В таком духе исполнял в Москве украинские роли актер-комик Лисицын, которого «некоторые любители» готовы были поставить в пример Щепкину.
Но, отталкиваясь от карикатуры, Щепкин не приближался к идеализации. Он не играл украинца вообще. Роль, о которой говорилось в только что приведенном высказывании А.С. Щепкина, – это Грицко из «Казака-стихотворца», поветовый писарь, помогающий тысяцкому Прудиусу во всех его плутнях, хитрец и хапуга – словом, персонаж «отрицательный». И тем не менее именно в этой роли Щепкин не понравился поклонникам игры Лисицына, потому что он освобождал образ от нарочитого высмеивания «хохла», от застывших черт дежурного комического персонажа, – но не от хитрости, коварства и других конкретных пороков данного героя. Грицко не утратил от этого свое качество «отрицательного персонажа». Более того, как таковой он стал благодаря реалистически тонкой игре Щепкина убедительнее и правдивее.

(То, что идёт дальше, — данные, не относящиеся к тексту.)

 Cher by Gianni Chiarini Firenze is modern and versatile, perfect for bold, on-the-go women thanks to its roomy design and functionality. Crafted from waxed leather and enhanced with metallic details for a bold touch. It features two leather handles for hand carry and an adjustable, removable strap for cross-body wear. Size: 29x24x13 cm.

Видимо, в этом же направлении изменял эту роль Соленик. Е. Гребенка, при его резко отрицательном отношении к пьесе «Казак-стихотворец», признавал: «Здесь Зелинский (Прудиус) и Соленик (Грыцко) были превосходны; они создали свои роли, заговорили в них языком чисто малороссийским – и были приняты публикою с восторгом».
Эта трансформация украинских образов во многом была аналогична уже знакомому нам процессу. Подобно тому как подлинно комические характеры строились Солеником и Щепкиным из доступного «водевильного материала», так и правдивые, реалистически глубокие украинские образы зачастую вырастали у обоих артистов на такой драматургической основе, которая, казалось бы, предрасполагала только к фарсу и карикатуре. Актер в таких случаях выступал не «соперником» автору, но просто автором. Он «создавал свою роль», как говорил Гребенка.

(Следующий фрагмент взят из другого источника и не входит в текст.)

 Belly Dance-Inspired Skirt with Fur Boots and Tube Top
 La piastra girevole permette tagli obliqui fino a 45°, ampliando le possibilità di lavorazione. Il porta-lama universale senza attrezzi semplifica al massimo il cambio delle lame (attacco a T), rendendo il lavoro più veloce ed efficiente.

Примером может служить «Комедия с дядюшкой» П.И. Григорьева, где Соленик играл роль слуги Фильки, или Хвильки, как он себя называет. «Роль его была чересчур карикатурна, но он успел сделать из нее что-то похожее на истину»[118], – писал рецензент О. Т-ко. «Соленик Филькой-хохлом, слугою приезжего дядюшки уморителен донельзя»[119], – отмечал А. Данилов. Последнее свидетельство является важным указанием на то, что, освобождая образ от карикатурности, Соленик не стирал с него комического выражения.
Сходный образ был создан Солеником и в «Сватанье на Гончаривке». Правда, эта «малороссийская опера» Квитко-Основьяненко предоставляла актеру бóльшие возможности, чем «Казак-стихотворец» или «Комедия с дядюшкой». «Как ни бедна опера Сватанье по содержанию», – отмечал Рымов, в ней есть положительная сторона: «непритворная веселость, местами возвышающаяся до комизма, местами переходящая в простодушно трогательные, а главное, верные, живые картины характеров малороссийских, чистый… язык».
О Стецько-Соленике Рымов писал: «Хотя Стецько ведет свой род… от Аксенов, Филатов и Мирошек, однако ж он стоит гораздо выше своих нечесаных предков; он фарс, но фарс, созданный мастерски…»[120] Соленик «уморителен донельзя», – прибавляет рецензент, поясняя, что подразумевается в данном случае под словом «фарс».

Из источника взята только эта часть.